» What to do
Please repeat the whole listing exactly, but leave the pictures out.

» Data excerpt

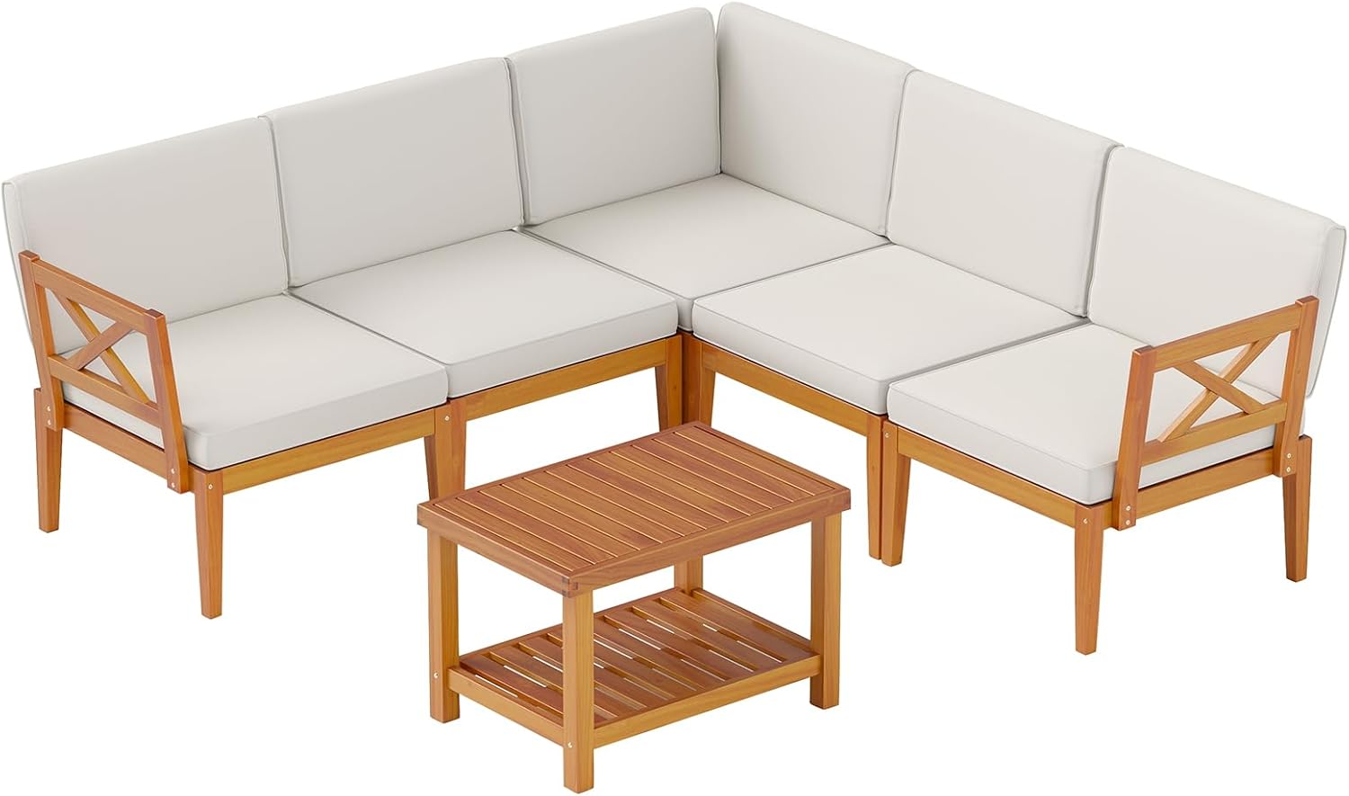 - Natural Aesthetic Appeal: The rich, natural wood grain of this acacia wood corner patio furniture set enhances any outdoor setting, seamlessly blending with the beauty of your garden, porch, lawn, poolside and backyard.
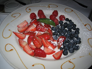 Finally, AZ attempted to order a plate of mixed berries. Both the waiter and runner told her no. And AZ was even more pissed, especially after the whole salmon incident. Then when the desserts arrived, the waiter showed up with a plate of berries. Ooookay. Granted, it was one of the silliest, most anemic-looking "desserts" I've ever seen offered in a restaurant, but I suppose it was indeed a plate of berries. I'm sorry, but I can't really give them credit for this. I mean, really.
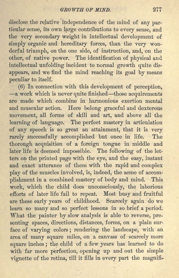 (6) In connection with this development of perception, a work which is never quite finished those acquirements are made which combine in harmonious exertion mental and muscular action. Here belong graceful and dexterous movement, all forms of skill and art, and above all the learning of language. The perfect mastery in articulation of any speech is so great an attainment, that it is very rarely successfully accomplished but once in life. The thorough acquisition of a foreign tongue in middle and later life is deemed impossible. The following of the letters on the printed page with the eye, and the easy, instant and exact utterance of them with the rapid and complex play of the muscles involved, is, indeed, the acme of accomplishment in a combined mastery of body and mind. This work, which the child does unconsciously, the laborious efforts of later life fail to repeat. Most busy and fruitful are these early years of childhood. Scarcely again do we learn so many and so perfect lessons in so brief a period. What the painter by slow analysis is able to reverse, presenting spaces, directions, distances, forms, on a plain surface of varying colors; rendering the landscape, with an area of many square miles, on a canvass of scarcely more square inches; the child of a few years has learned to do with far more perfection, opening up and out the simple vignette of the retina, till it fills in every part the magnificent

» Response area
 - Natural Aesthetic Appeal: The rich, natural wood grain of this acacia wood corner patio furniture set enhances any outdoor setting, seamlessly blending with the beauty of your garden, porch, lawn, poolside and backyard.
 Finally, AZ attempted to order a plate of mixed berries. Both the waiter and runner told her no. And AZ was even more pissed, especially after the whole salmon incident. Then when the desserts arrived, the waiter showed up with a plate of berries. Ooookay. Granted, it was one of the silliest, most anemic-looking "desserts" I've ever seen offered in a restaurant, but I suppose it was indeed a plate of berries. I'm sorry, but I can't really give them credit for this. I mean, really.
 (6) In connection with this development of perception, a work which is never quite finished those acquirements are made which combine in harmonious exertion mental and muscular action. Here belong graceful and dexterous movement, all forms of skill and art, and above all the learning of language. The perfect mastery in articulation of any speech is so great an attainment, that it is very rarely successfully accomplished but once in life. The thorough acquisition of a foreign tongue in middle and later life is deemed impossible. The following of the letters on the printed page with the eye, and the easy, instant and exact utterance of them with the rapid and complex play of the muscles involved, is, indeed, the acme of accomplishment in a combined mastery of body and mind. This work, which the child does unconsciously, the laborious efforts of later life fail to repeat. Most busy and fruitful are these early years of childhood. Scarcely again do we learn so many and so perfect lessons in so brief a period. What the painter by slow analysis is able to reverse, presenting spaces, directions, distances, forms, on a plain surface of varying colors; rendering the landscape, with an area of many square miles, on a canvass of scarcely more square inches; the child of a few years has learned to do with far more perfection, opening up and out the simple vignette of the retina, till it fills in every part the magnificent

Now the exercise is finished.